= Vincent Ingram =

Cook Islands politician

Vincent Alfred Kura Teratu Ingram (10 July 1946 – 6 June 2010) was a Cook Islands politician and Cabinet Minister.

Ingram was born in Auckland, New Zealand, and initially raised in Samoa and then Rarotonga. He was educated at Avarua Side School, and then Mt Albert Grammar School in Auckland for his secondary education. He studied law, and was accepted to the bar in New Zealand in 1974, and the Cook Islands in 1975.

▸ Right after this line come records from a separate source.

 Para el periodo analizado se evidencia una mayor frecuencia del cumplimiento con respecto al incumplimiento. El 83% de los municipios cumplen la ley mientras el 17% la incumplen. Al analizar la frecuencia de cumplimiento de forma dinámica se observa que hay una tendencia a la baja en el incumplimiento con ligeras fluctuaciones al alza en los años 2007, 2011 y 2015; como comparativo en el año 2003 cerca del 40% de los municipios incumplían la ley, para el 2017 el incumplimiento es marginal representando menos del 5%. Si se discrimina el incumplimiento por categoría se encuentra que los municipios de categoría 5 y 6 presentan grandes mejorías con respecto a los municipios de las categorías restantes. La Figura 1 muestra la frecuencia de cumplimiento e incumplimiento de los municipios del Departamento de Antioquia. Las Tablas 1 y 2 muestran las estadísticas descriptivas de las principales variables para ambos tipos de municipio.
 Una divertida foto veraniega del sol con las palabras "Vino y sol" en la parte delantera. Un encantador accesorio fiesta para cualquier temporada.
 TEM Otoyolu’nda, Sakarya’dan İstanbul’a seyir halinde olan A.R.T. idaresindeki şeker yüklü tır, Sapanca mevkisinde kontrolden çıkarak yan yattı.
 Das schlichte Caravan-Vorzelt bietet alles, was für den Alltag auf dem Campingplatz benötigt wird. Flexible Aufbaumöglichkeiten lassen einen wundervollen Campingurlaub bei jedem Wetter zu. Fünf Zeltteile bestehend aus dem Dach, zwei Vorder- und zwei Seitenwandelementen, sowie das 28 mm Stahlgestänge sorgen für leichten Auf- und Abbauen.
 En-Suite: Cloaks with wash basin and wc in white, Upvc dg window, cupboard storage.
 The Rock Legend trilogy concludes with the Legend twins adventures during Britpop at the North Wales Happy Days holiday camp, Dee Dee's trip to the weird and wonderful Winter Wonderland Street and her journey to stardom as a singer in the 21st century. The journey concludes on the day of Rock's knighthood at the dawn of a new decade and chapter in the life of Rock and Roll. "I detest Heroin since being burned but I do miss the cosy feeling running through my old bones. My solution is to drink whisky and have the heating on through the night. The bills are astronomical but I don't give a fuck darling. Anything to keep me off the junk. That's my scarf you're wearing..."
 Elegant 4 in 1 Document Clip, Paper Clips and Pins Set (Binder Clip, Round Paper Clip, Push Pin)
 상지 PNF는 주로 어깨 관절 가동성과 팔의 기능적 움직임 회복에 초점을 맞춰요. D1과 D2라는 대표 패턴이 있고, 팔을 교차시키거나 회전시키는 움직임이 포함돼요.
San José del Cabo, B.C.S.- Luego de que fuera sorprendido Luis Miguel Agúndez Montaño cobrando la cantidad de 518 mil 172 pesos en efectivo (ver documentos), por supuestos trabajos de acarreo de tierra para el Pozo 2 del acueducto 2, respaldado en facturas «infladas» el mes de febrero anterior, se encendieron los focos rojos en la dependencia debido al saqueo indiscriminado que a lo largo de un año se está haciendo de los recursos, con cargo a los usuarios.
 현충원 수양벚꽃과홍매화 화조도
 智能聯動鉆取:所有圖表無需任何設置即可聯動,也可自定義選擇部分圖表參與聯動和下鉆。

Ingram joined the Cook Islands Democratic Party in the 1970s, and along with Norman George was active in fundraising for the party in New Zealand. He was elected to the Cook Islands Parliament in the 1978 election, and served in the administration of Tom Davis as Minister of Economic Development, Minister of Police and the Minister of Justice. After falling out with Davis in 1983, he crossed the floor, and served as Leader of the Opposition between 1984 and 1986. He was subsequently leader of the breakaway Democratic Tumu Party, which supported the Cook Islands Party administration of Geoffrey Henry. He was Deputy Speaker of the House from 1989 to 1993.

In 1993, Ingram became the Cook Islands' first High Commissioner to Australia. He retired to Auckland in 1996.